There is much wisdom in the speech of Lord Justice Stuart-Smith who, on behalf of the Court of Appeal, called for a “moment’s reflection” to consider the practical consequences which would have followed from the acceptance of the applicant’s argument. Lord Justice Stuart-Smith continued (paragraph 18 of the judgment ):
“... The courts in the United Kingdom are open to all who seek their help, whether they are British citizens or not. A vast number of people come to this country each year seeking refuge and asylum, and many of these allege that they have been tortured in the country whence they came. Some of these claims are no doubt justified, others are more doubtful. Those who are presently charged with the responsibility for deciding whether applicants are genuine refugees have a difficult enough task, but at least they know much of the background and surrounding circumstances against which the claim is made. The court would be in no such position. The foreign States would be unlikely to submit to the jurisdiction of the United Kingdom court, and in its absence the court would have no means of testing the claim or making a just determination. ...”

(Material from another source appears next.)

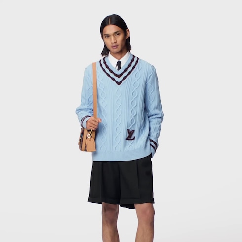 Il pullover, in maglia di lana spessa color blu chiaro, si distingue per la lavorazione intrecciata. L'esclusiva creazione rivisita il modello classico con un originale orlo smerlato sulle maniche, ripreso dai decori ondulati a contrasto che impreziosiscono lo scollo a V e i polsini. Le iniziali LV a intarsio, sulla parte inferiore, aggiungono un tocco Bon Ton al capo primaverile.
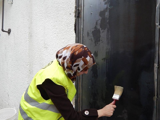 وبعد تركيب باب للبقالة الجديدة شاركت فتيات بصمة في طلائه، في عمل يعتبر لدى كثيرين مقتصرا على الرجال.[/caption]

Similar consequences could have ensued in other jurisdictions. The somewhat paradoxical result, had the minority’s view prevailed, could have been that precisely those States which so far have been most liberal in accepting refugees and asylum-seekers, would have had imposed upon them the additional burden of guaranteeing access to a court for the determination of perhaps hundreds of refugees’ civil claims for compensation for alleged torture. Even if the finding of a violation of Article 6 in this case had not had a “chilling effect” on the readiness of the Contracting States to accept refugees – a consequence which I would not totally exclude – the question of the effectiveness of the access in the circumstances outlined by Lord Justice Stuart-Smith would inevitably have arisen.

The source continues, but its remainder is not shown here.